Unreasonable Hospitality: Why It Matters More Than Ever (And What Europe Should Learn)
There’s a certain kind of book that masquerades as a memoir but is, in fact, a manifesto. Will Guidara’s Unreasonable Hospitality is one of those books. On its surface, it’s about restaurants—about Guidara’s tenure at Eleven Madison Park, about turning a fine-dining establishment into the best restaurant in the world. But like all good business books pretending not to be, it’s really about something far more fundamental: how to create transformative experiences in a world saturated with transactions.
Guidara’s premise is disarmingly simple: it’s not enough to serve excellent food. Or run a smooth event. Or have a product that technically works. You must make people feel like they matter. And not in a generalised, HR-department-values-statement kind of way—but in a way that’s specific, unscalable, and emotionally resonant.
At Eleven Madison Park, this manifested in what can only be described as absurd acts of care. A family from Barcelona mentioned that their son missed his favourite hot dog back home. The staff sourced the exact brand, reheated it to local perfection, and served it to him mid-meal. A guest mentioned their love for New York-style street pretzels. The team recreated the experience inside the restaurant, complete with cart and mustard squeeze bottles.
This is not “customer service.” It’s theatre with soul.
And here’s where it gets clever—because the book isn’t just a series of warm anecdotes and management philosophy. It’s a business strategy. A movement, even. Guidara has since parlayed this into consulting, content, culture-building. What he’s done is identify a universal truth—that people are desperate for connection and personalisation—and turn it into a replicable operating system.
You could call it manipulative. But you’d be missing the point. Unreasonable hospitality is a deliberate counterattack against mediocrity.
In an era where algorithms recommend your lunch and chatbots handle your queries, the mere act of human effort has become exceptional. Guidara simply pushes this to its logical extreme. And if you think this only applies to restaurants, you haven’t run an event.
Because the truth is: most events are transactional. Conferences, pitch days, even board meetings. A schedule. A speaker lineup. A sad sandwich.
When I started building Capital for Cures, I knew I didn’t want to just run another industry gathering. I wanted to create something people would remember—not because the slide decks were polished, but because the experience made them feel seen.
So yes, I stole from Guidara. Shamelessly. I put thought into the small things: welcome notes, hand-selected venues, real food (not foil trays), music that didn’t sound like a corporate jingle. I asked people what they needed—and then, when I could, I delivered. A spontaneous introduction. A quiet corner for a tense negotiation. A seat at the table no one else offered.
It’s not scalable. It’s not “lean.” But it’s what people remember. And that’s the whole point.
Now, let’s talk Europe.
This kind of thinking is still painfully rare here. We’ve got centuries of hospitality tradition, but in business? We still think professionalism means being cold, neutral, and interchangeable. Events are efficient. Dinners are formal. Emails are curt. It’s no wonder so many European founders and innovators flock to the U.S. for funding and community—over there, someone will at least pretend to be excited about your idea.

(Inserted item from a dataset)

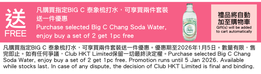 ![[電子禮券]Big C- 泰象 梳打水樽裝 325毫升 (2 件套裝)](https://shop.theclub.com.hk/media/catalog/product/cache/2fcb0be76f5f36e732067d937460935a/b/c/bc-8851994612012_1_1_1.jpg)
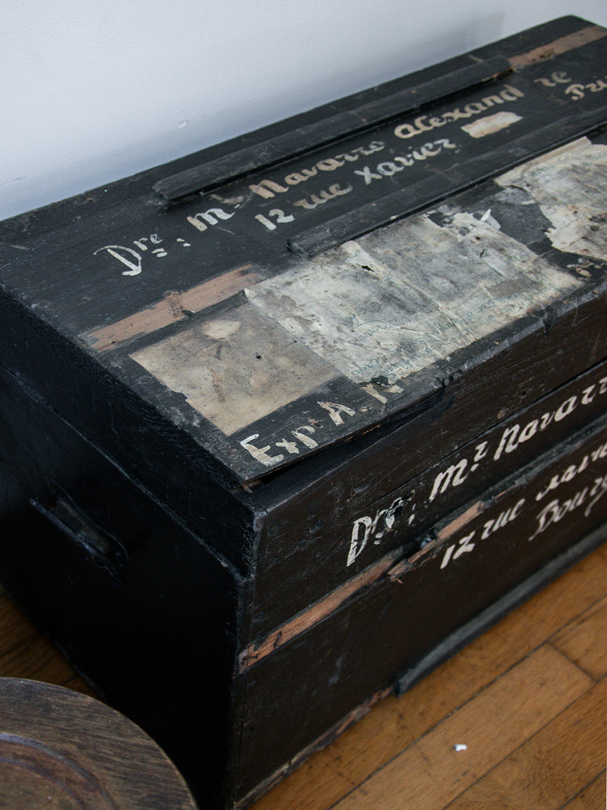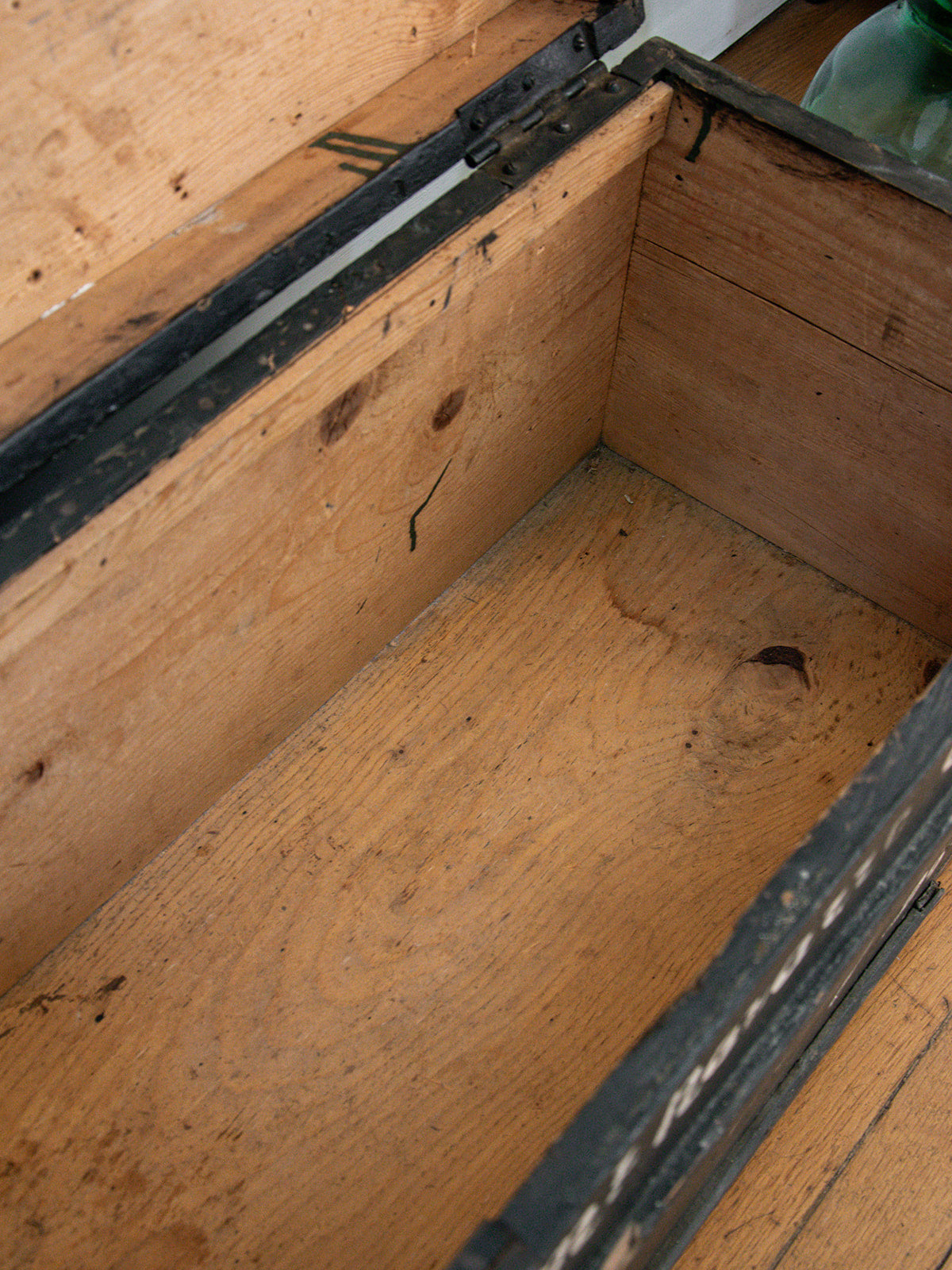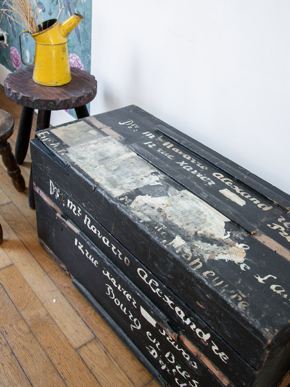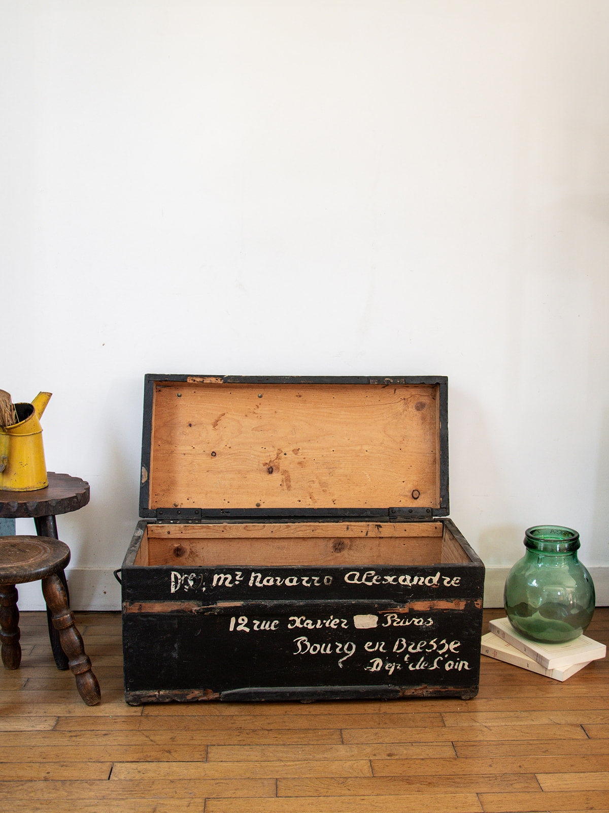 Discover this black wooden travel trunk, a true curio with its original writing that bears witness to an authentic past. Although some strips are missing on the front and top (see photos), it retains a unique and captivating charm. Its raw, very clean interior offers ample storage space while remaining faithful to its vintage style. The metal handles on the sides add an industrial and functional touch.

Unreasonable hospitality offers a better model. Not American fake-nice, but actual intentionality. Care. Delight. What if every pitch meeting felt like someone wanted you to succeed? What if every conference was curated for magic, not mediocrity?
The irony, of course, is that this approach isn’t expensive. It’s effortful. It requires listening, imagination, and some logistical gymnastics. But the ROI is enormous. People come back. They refer others. They associate your name with something that made them feel like more than a LinkedIn connection.
For me, Capital for Cures isn’t about throwing nice parties. It’s about changing the way healthcare capital connects with ideas. And that begins not with better diligence rooms or polished logos, but with unreasonable hospitality.
If we want to build ecosystems that support real innovation—across biotech, healthcare, or anything else—we need more than funding. We need belonging. We need people to walk into a room and feel: this was made for me.
Guidara figured that out with foie gras and white tablecloths. The rest of us can do it with name tags, coffee, and genuine attention.
So yes, read the book. Steal the ideas. Put pretzels on a platter if that’s what it takes. But above all, remember: when you make people feel welcome, they show up differently. And in the long run, that’s what changes everything.